MATERIALS AND METHODS

Study population.

Between October 2002 and March 2005, 82 patients were prospectively monitored for 12 weeks and divided into the following groups: 22 patients with IA (proven or probable), chosen according to the criteria developed by the consensus of the European Organization of the Research and Treatment of Cancer/Mycoses Study Group (EORTC/MSG) (2); 17 patients with other mold infections, such as Fusarium infection, zygomycosis, and scedosporium; and 23 patients with candidemia. In addition, we selected 20 control nonneutropenic patients with solid tumors and without any radiological or clinical evidence of IA or risk factors for IFI. Blood was obtained twice on week 1 and once every other week for a total follow-up of 12 weeks. Patient demographics and clinical characteristics were collected, including age, underlying disease, type of transplantation, steroid use, neutropenia, and antifungal therapy used during the study period. This study was approved by the M. D. Anderson Cancer Center Institutional Review Board.

BG analysis of serum.

Blood samples were collected in sterile, BG-free clotting tubes. Serum was separated by centrifugation and stored at −80°C until testing. BG levels in the serum were assayed using a Fungitell kit (Associates of Cape Cod, East Falmouth, MA) according to the manufacturer's specifications. BG levels were quantitated against a purified Pachyman standard, which includes a five-point twofold curve ranging from 100 pg/ml to 6.25 pg/ml. The cutoff was 80 pg/ml. In brief, 5 μl of serum per well was dispensed in triplicate and pretreated by addition of 20 ml of 0.125 M KOH-0.6 M KCl and incubation for 10 min at 37°C. This step inactivated protease and other inhibitors present in human serum. The Fungitell BG reagent was then reconstituted and dispensed per manufacturer specifications. A ThermoMax plate reader (Molecular Devices, Sunnyvale, CA) with SofMax Pro software onboard (Molecular Devices, Sunnyvale, CA) was used to accomplish kinetic analysis of the microtiter plate.

GM assay.

GM in each sample was measured by using a Platelia Aspergillus enzyme immunoassay test kit (Bio-Rad, Hercules, CA). Coded serum samples were thawed and analyzed in batches, as directed by the manufacturer. Optical densities were read at 450 nm to 620 nm. Results were recorded as indexes relative to the mean optical density of the threshold controls. Samples that had an optical density index of >0.5 were considered positive and underwent repeated testing to ensure positive results. Evaluated patients had to have two serum samples available for analysis.

Definitions.

Neutropenia was defined as an absolute neutrophil count of <500 cells/ml. Sensitivity, specificity, and predictive values were calculated on both per-patient and per-sample outcome bases. Furthermore, each patient was classified as positive or negative depending on whether the patient had at least two positive test results. The cutoff index value for GM was 0.5, and the cutoff for BG was 780 mg.

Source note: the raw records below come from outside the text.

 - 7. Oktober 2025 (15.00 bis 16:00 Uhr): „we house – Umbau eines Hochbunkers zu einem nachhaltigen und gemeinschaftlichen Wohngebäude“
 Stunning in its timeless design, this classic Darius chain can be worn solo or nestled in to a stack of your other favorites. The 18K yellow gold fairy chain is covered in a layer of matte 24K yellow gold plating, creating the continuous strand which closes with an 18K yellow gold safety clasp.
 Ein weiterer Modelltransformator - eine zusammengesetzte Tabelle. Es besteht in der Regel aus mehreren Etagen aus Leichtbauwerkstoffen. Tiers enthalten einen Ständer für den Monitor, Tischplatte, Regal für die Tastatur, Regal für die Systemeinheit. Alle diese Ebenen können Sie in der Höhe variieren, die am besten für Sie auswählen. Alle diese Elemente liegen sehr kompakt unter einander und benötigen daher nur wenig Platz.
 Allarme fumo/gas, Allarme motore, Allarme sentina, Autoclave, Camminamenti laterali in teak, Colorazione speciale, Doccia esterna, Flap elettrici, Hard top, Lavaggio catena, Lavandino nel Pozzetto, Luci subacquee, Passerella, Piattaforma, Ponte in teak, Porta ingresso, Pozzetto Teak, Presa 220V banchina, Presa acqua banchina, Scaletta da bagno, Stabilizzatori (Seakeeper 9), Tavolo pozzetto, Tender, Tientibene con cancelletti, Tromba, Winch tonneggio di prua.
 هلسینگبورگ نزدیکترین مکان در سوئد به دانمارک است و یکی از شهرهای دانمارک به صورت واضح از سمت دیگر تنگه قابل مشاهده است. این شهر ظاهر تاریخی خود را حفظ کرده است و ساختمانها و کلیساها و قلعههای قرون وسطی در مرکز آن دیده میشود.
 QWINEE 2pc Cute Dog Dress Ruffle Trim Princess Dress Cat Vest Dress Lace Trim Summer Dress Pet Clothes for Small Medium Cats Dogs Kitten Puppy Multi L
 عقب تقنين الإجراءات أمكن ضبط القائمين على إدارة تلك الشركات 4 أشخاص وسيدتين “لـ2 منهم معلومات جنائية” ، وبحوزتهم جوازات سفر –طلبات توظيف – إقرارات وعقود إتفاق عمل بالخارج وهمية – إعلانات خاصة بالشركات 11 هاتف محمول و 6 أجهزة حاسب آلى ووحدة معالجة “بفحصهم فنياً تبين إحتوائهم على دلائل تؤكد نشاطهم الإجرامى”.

Proven or probable IFI was determined on the basis of EORTC/MSG criteria (2). Patients with proven IA had histopathological evidence of tissue invasion by filamentous fungi, the isolation of Aspergillus species from a normally sterile but clinically infected body site, and the presence of host factors. A positive test per patient for GM or BG was based on having two consecutive positive tests. The host factors were as follows: (i) recent history of neutropenia of <500 neutrophils/mm3 for >10 days, if temporally related to the onset of fungal disease; (ii) receipt of an allogeneic stem cell transplant; (iii) prolonged use of corticosteroids at a mean minimum dose of 0.3 mg/kg of body weight/day of prednisone equivalent for >3 weeks; and (iv) treatment with other recognized T-cell immunosuppressants, such as cyclosporine, tumor necrosis factor alpha blockers, specific monoclonal antibodies (such as alemtuzumab), or nucleoside analogues, during the past 90 days. However, the positive culture for aspergillosis was considered proven if the culture was collected by a sterile procedure from a normally sterile and clinically or radiologically abnormal site consistent with an infectious disease process, excluding bronchoalveolar lavage fluid, a cranial sinus cavity specimen, and urine.

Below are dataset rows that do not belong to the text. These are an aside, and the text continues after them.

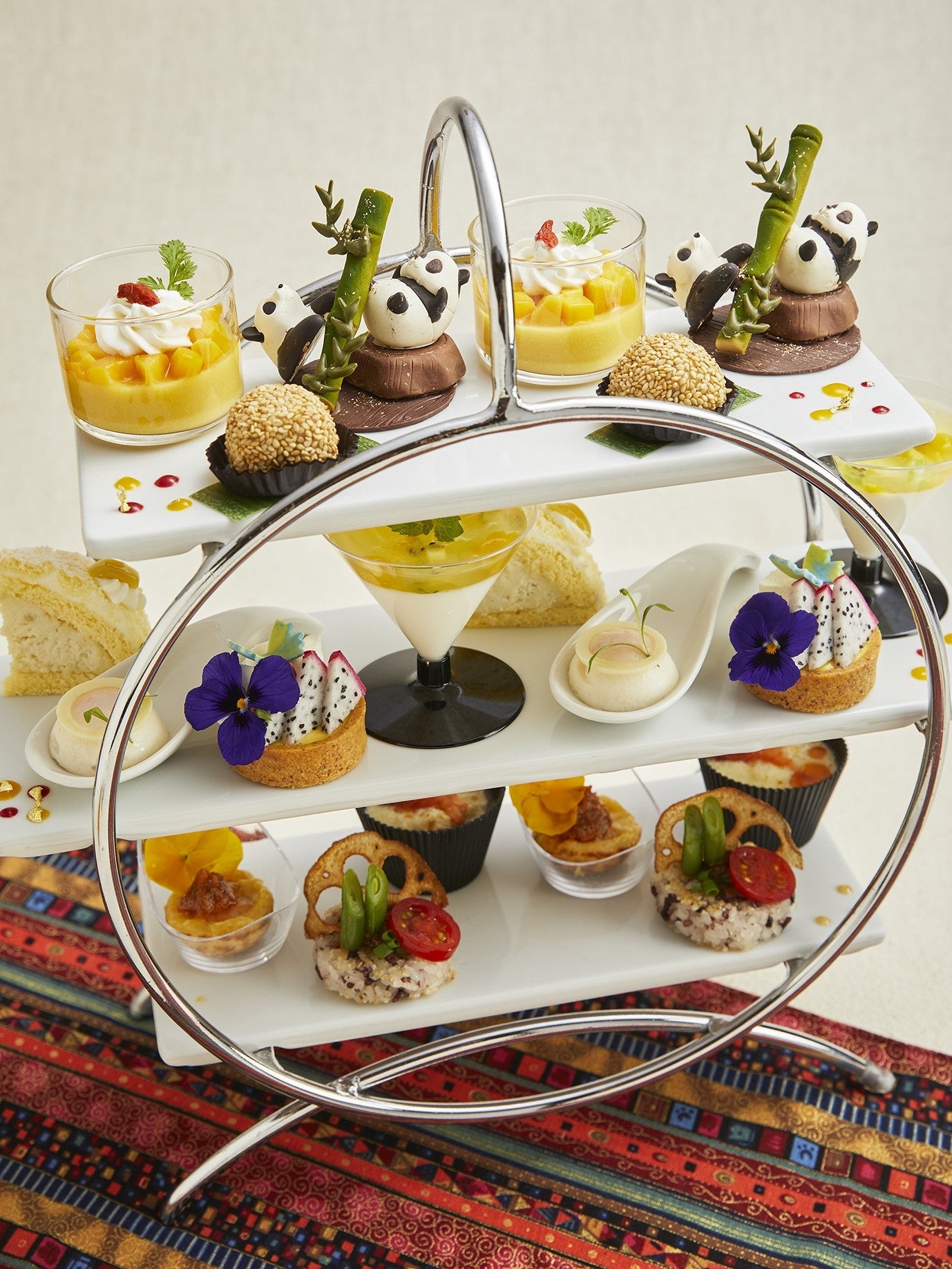 美味しい現地グルメを満喫することは旅行の醍醐味の一つ。7月の「フォンテーヌ」では、アジア諸国を旅するようにスイーツやセイボリーをお楽しみいただける「アジアンアフタヌーンティー」を初めてご提供いたします。コロンとしたフォルムが愛らしいパンダのチョコレート細工や、爽やかな味わいのバタフライピーとパッションフルーツのウェルカムドリンクがアフタヌーンティーの始まりを告げます。シークワーサーのジュレでさっぱりと味わえる杏仁豆腐のグラスデザートや、クリームチーズを加えた生クリームのコクとあっさりとしたドラゴンフルーツが美味しいタルト、濃厚な果実の味をご堪能いただけるマンゴープリンなど、中国、タイ、香港のスイーツが並びます。
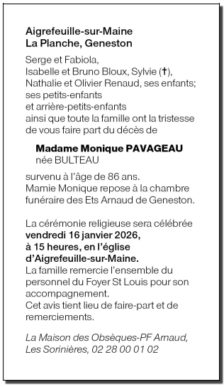 Cet espace « condoléances » est dédié à la mémoire de Madame Monique PAVAGEAU née BULTEAU.
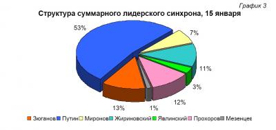 Что касается синхрона (прямой речи) лидеров, то 15 января его структура аналогична: В. Путин получил 53% эфирного времени, М. Прохоров – 12%, В. Жириновский – 11%. С. Миронову досталось 7% прямой речи, Г. Явлинскому – 3%, Д. Мезенцеву – 1%.

Probable invasive pulmonary aspergillosis was considered as the presence of a host factor and a positive culture or cytology for aspergillosis in addition to one major radiological criterion (halo sign, air crescent sign, or cavitary nodules) shown on computed tomography imaging or two of three minor clinical criteria, including symptoms of lower respiratory tract infection (cough, chest pain, hemoptysis, and dyspnea), physical finding of pleural rub, and any new infiltrate not fulfilling major criteria and pleural effusion. Similarly, the identification of a non-Aspergillus mold was made according to the above criteria.

Candidemia was defined as the isolation of a Candida species from at least one blood culture in the presence of signs and symptoms of systemic infection.

Statistical methods.

The sensitivity, specificity, and predictive values of diagnostic tests were calculated according to their definitions, and sensitivity comparisons were performed by chi-square test. The statistical significance was set at P values of ≤0.05 based on two-sided tests. All statistical analyses were performed using SAS, version 9.1 (SAS Institute, Cary, NC).

RESULTS

A total of 414 serum samples were tested with the GM assay, and 409 serum samples were tested with the BG assay. The group of patients with IA or other mold infections was receiving mold-active antifungal therapy (including polyenes, azoles, and echinocandins) before serum sample collection.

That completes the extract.